The Kids would employ shock humor, of course — notoriously, they wrote a few comedy segments about the plight of an ailing child, and the troupe has expressed regret over their poor taste in creating him — but also would responsibly wield sexuality and gender in ways not usually seen in the comedy world. Thompson, openly gay, would play queer characters whose sexuality was incidental rather than an angle for derision (homophobic and "gay panic" humor were all too common in 1980s comedy), and when the all cisgender-male troupe would dress in drag, they actually played female characters in an actorly fashion. 

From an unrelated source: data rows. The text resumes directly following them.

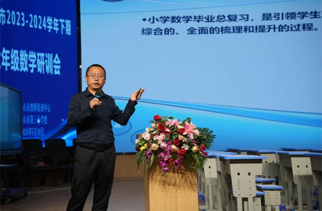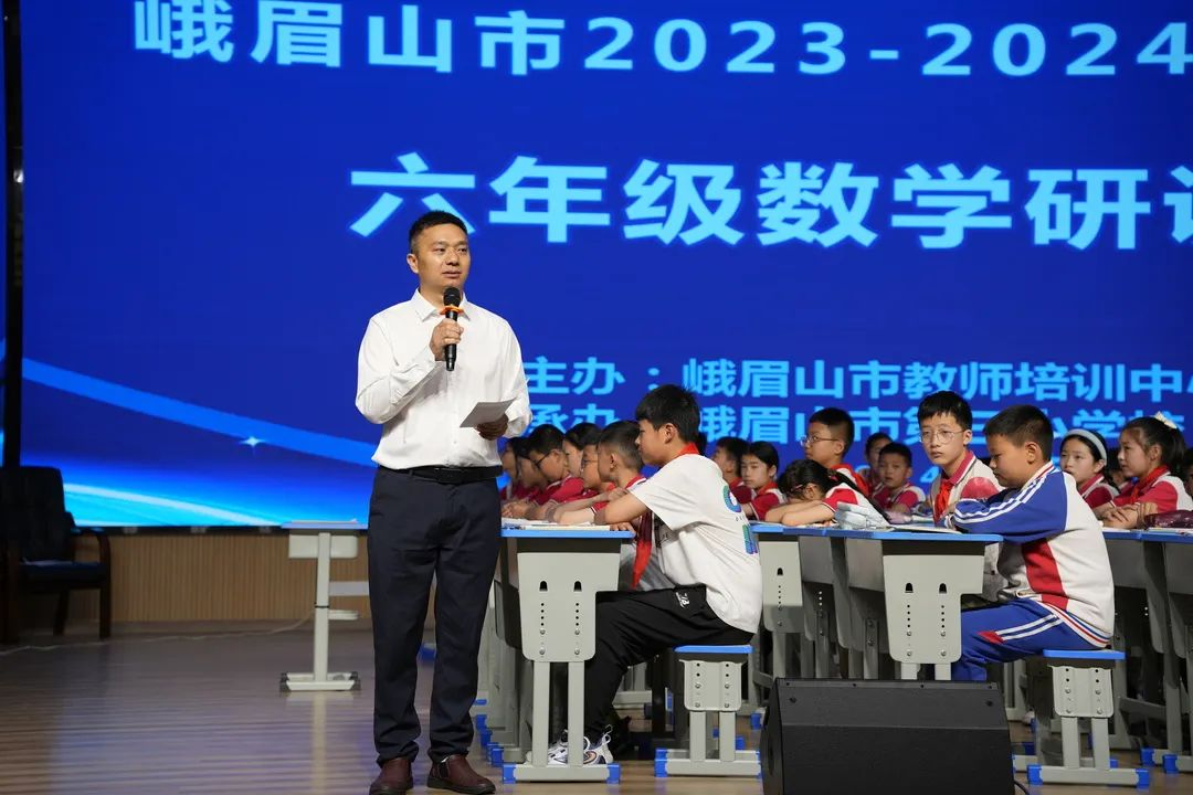 为全面落实“双减”,促进教师研读新课标,践行新课堂,通过深入有效的复习促进学业质量的全面提升。2024年5月10日,峨眉山市六年级数学复习教学专题研训会在峨眉三小如期举行,全市各学校六年级数学教师、分管领导约80人参加了此次活动。活动由峨眉三小张建军老师主持。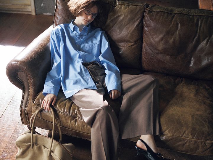 ベージュパンツ/ebure(LITTLE LEAGUE INC.) ブルーシャツ/へリーハンセン(ヘリーハンセン 原宿店) 眼鏡/ミュウミュウ(ルックスオティカジャパン カスタマーサービス) ベージュバッグ/モフィオラ(アマン) パンプス/SLY(バロックジャパンリミテッド)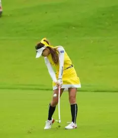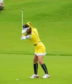 臼井麗香のアイアンスイング(斜め前方)|インパクト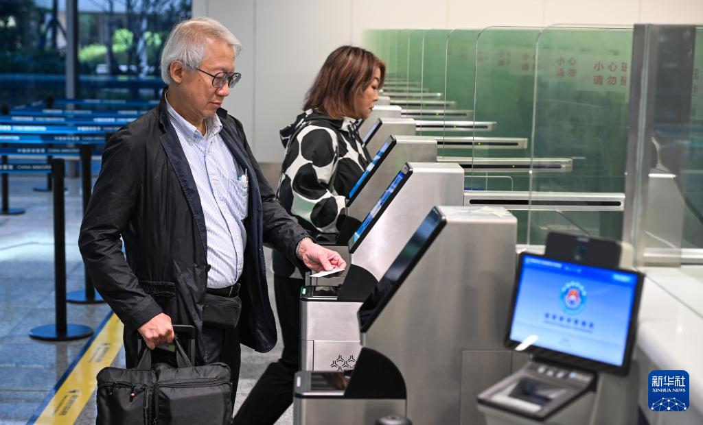 10月15日,入境旅客在海口美兰边检站使用快捷通道通关。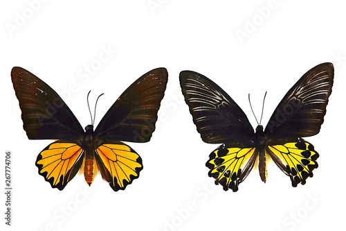 © Kitichai, Obraz premium Photo two butterflies straff for natural animal studies on white backgound.
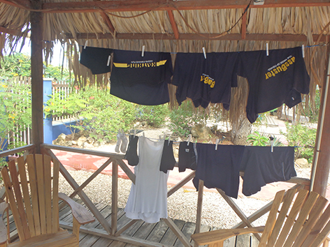 Je douchend met je kleren aan en kleed je dan uit. Nog wat van gisteren neem je mee onder de douche en je hangt het op. Een paar uur later is het droog.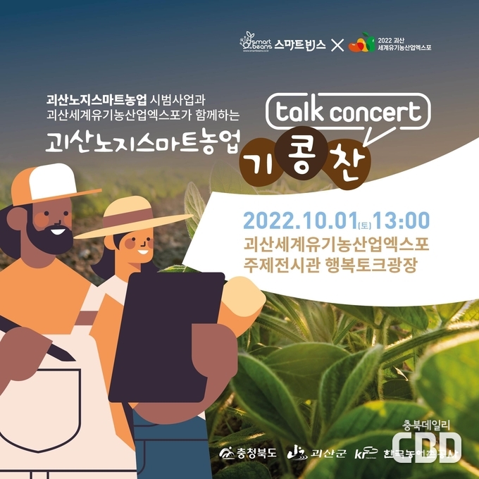 충북 괴산군은 오는 10월 1일 ‘2022괴산세계유기농산업엑스포’ 주제전시관 행복토크 광장에서 노지스마트농업과 유기농의 미래에 대해 이야기하는 ‘기콩찬 노지농업생활’ 토크콘서트를 개최한다고 밝혔다.
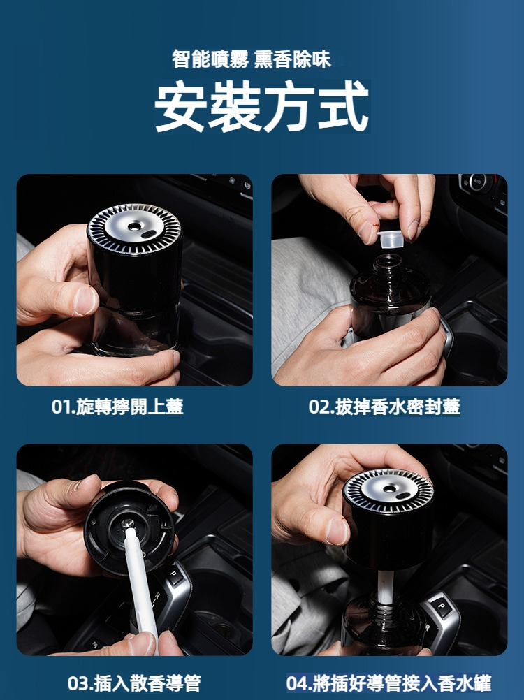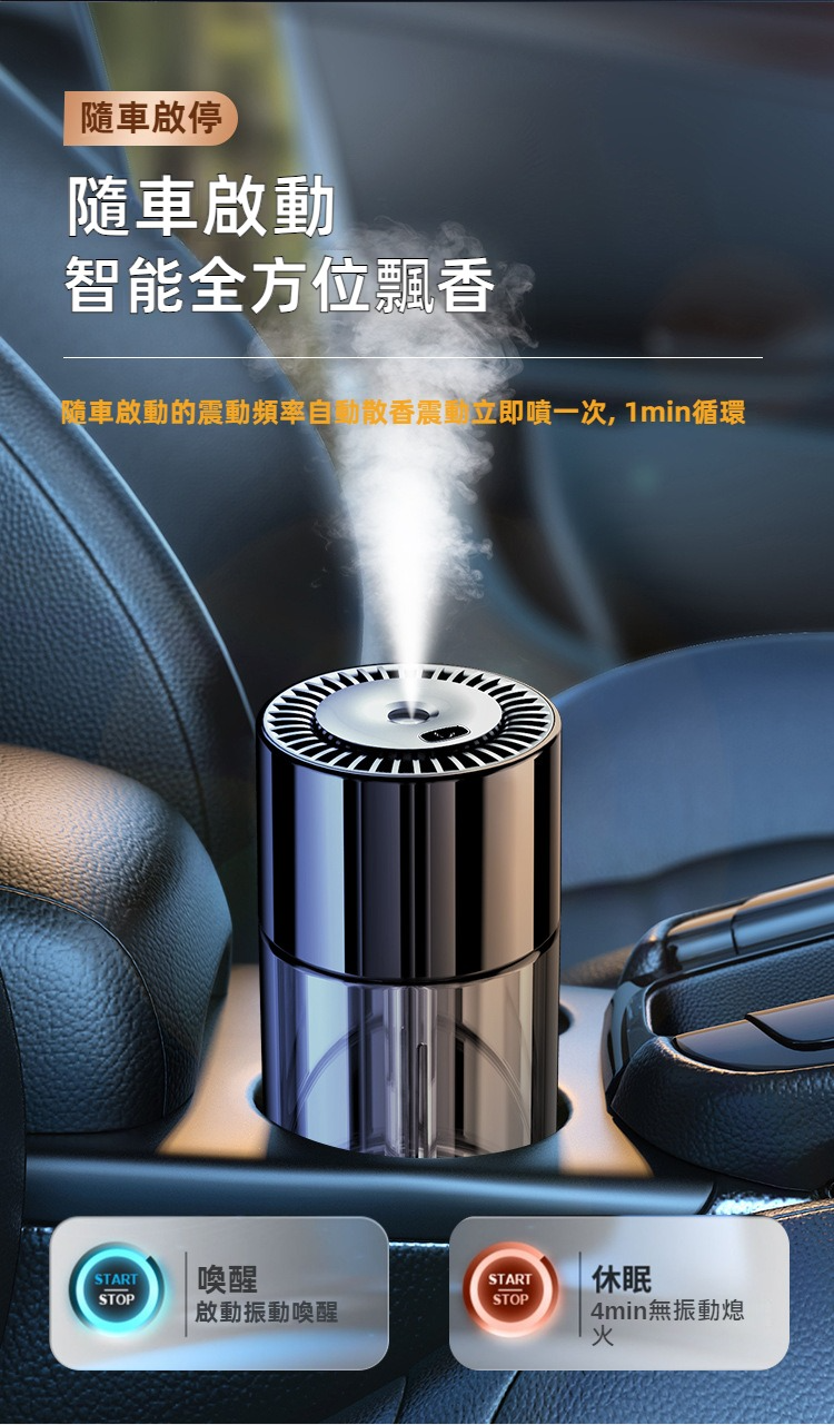 AI智慧汽車香薰機 JG優品 隨車啟停噴霧除異味 車用質感香氛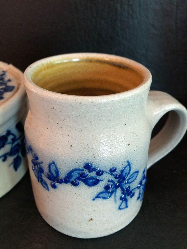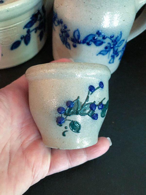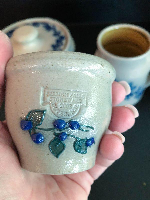 F25: Salmon Falls Stoneware Lot Blueberry Vine Design

In the Deadline interview, McKinney recalls employing some method-like techniques when dressing in drag: 

"The Kids, to the extent that a man can inhabit a woman, did an amazing job of sort of creating these relatable characters. I know my brother based at least a couple of those characters a little bit on my mother, a little bit on my sister, imported that into himself ... Up until then, if I remember what drag looked like on TV, it was a lampoon, it was way larger than life."

Punks

This was 1984 — yes, people noticed it was a year referred to by George Orwell — and it was a time of rising dissatisfaction with rising conservatism. On the outer fringes, punk rock was beginning to rise as an ethos. A lot of underground music was devoted to destruction, angst, dissatisfaction, and the violent confrontation of "traditional" (read: repressive) institutions. Kids in the Hall, in a dorky sort of way, adopted a similar punk attitude. They weren't so much the Sex Pistols, though, as they were Devo: Geeky, appealing to the college crowd, playful nihilistic, and eager to shock.

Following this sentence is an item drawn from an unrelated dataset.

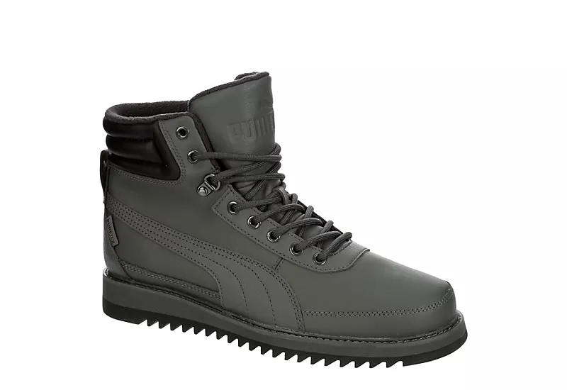 Brave the elements while still looking hip in the PUMA Desierto V2 men’s lace-up boot. Equipped with all-weather PureTEX weatherproof technology and a soft fuzz-lined interior, you’ll be ready to roll with the snow and ice. This leather upper boot with a rubber traction outsole can handle the weather but looks equally as stylish when inside.Â

In a world of homophobic gay shtick and burlesque-style drag performances, having an openly gay member of the troupe was revolutionary. Thompson's character of Buddy Cole, a queer raconteur, regularly appeared on "Kids in the Hall" to perform comedic monologues, which were, refreshingly, never made to mock or deride the queer experience. The heterosexual members of the troupe fell in line behind Thompson and merely played alongside him. They all assimilated with one another. Recalls producer Paul Myers:

"In Toronto, when I was at the Rivoli Club where they started, there'd be a small audience and you would hear gasps when [Scott] came out as a queer positive character. [Thompson] assimilated within the troupe. There was no sense of, 'He was the only [one] doing this gay thing over here.' They were allies and they were all just working together. That, just by being there, was political, and there were audience members I recall in Toronto who were shocked back in the day. This is the '80s, you know, so it's amazing to think in some ways how far we've come."

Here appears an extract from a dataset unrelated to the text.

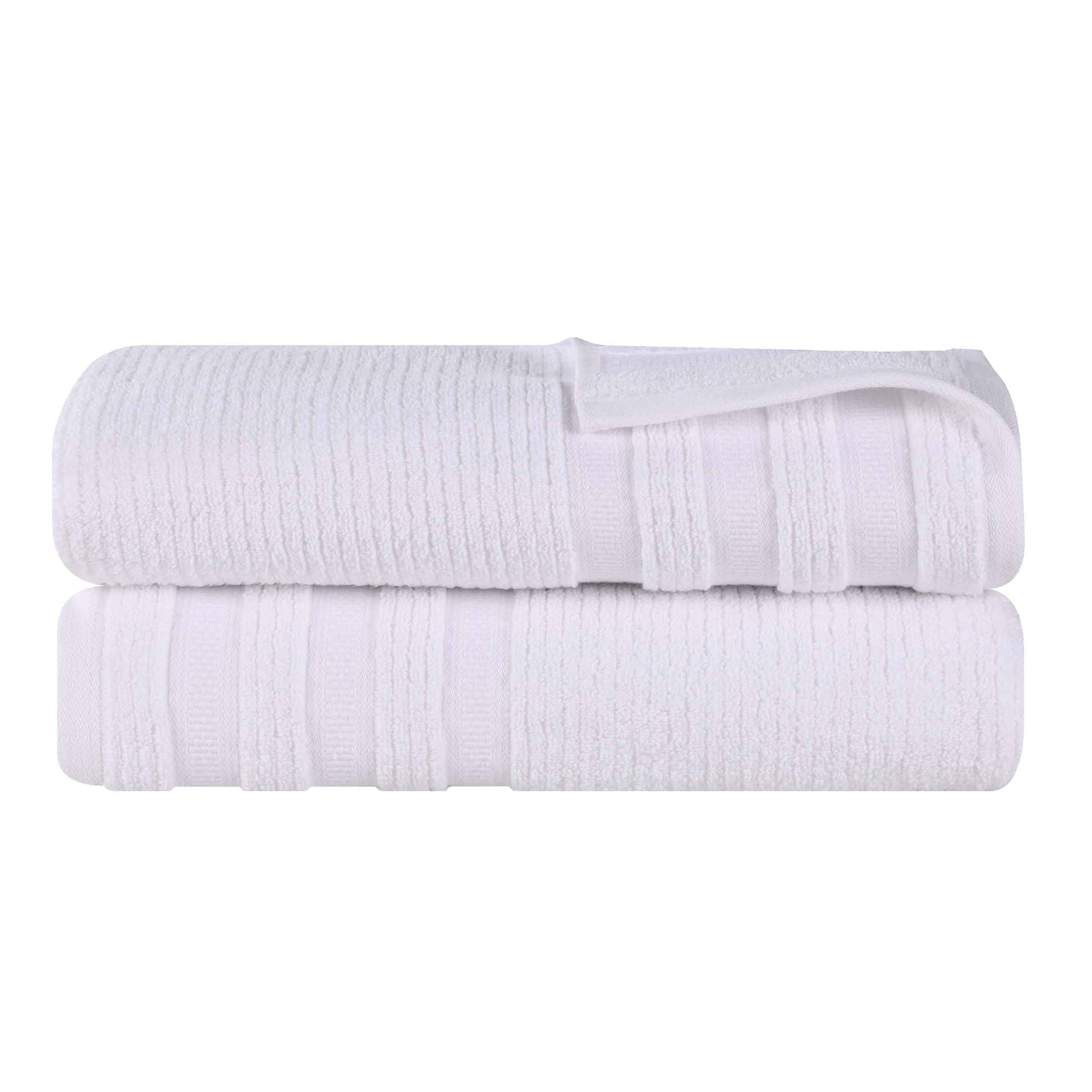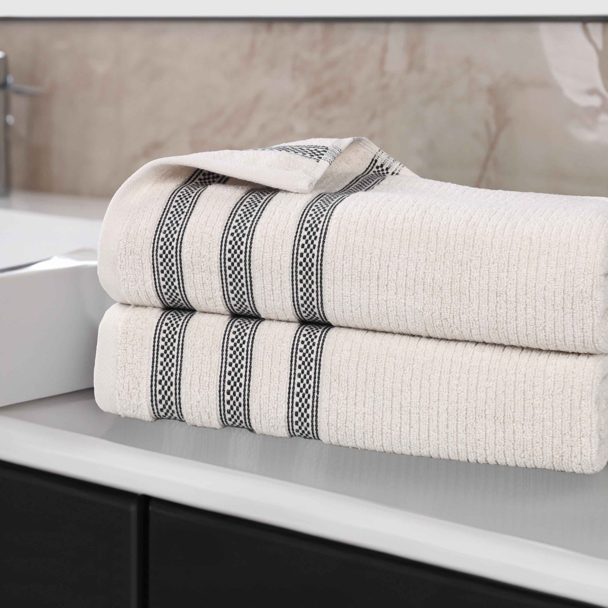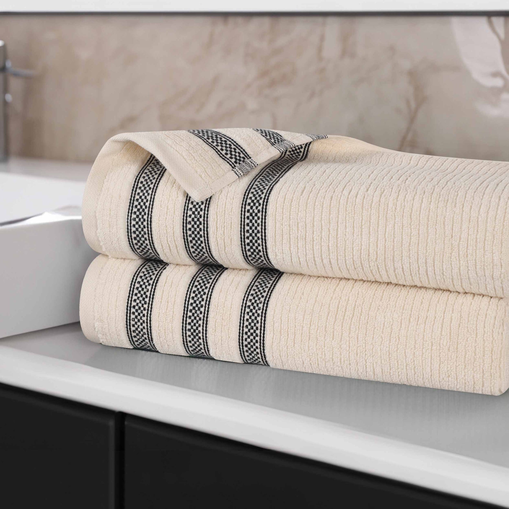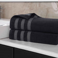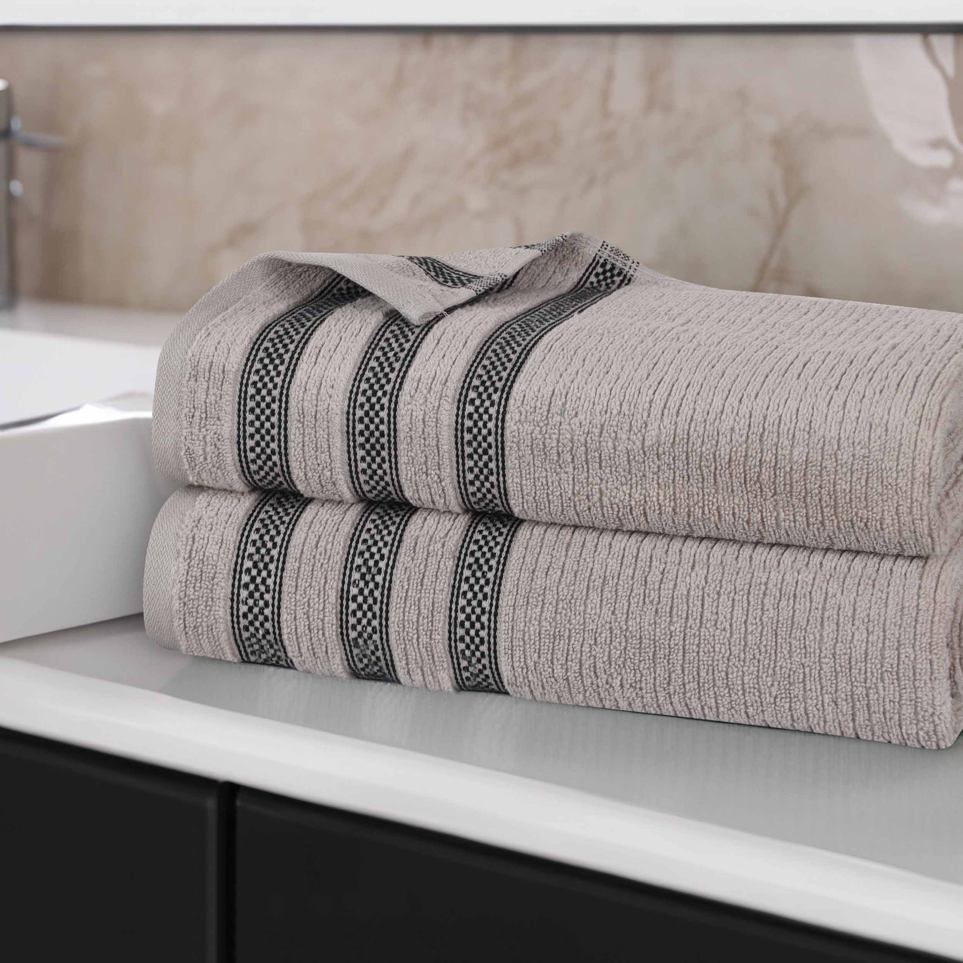 Brea Zero Twist Cotton Ribbed Geometric Border Bath Sheet Set of 2

Thompson, in interviews, has said that Buddy was a vital character in helping to keep the Kids in the pop consciousness, and it allowed a lot of otherwise unaccepting audiences to accept him. From The AV Club in 2018: 

"The world is so different than it was 20 years ago, particularly for gay people. Just being an openly gay comic, 20 years ago, people were so uncomfortable, and you had to spend the first 20 minutes relaxing them. Now you don't have to. People are there right away. And the straight male can laugh at me and not cast too much of an aspersion on his sexuality. I really believe that part of the reason Kids In The Hall remain such a cult thing is that, to like us too much was to say, 'Hey are you a f**?' I don't think people worry about that anymore. At least in the circles I run in, and that's extremely exciting."

The latest "Kids in the Hall" revival will premiere on Prime Video on May 13, 2022. The documentary "Comedy Punks" will follow on May 20.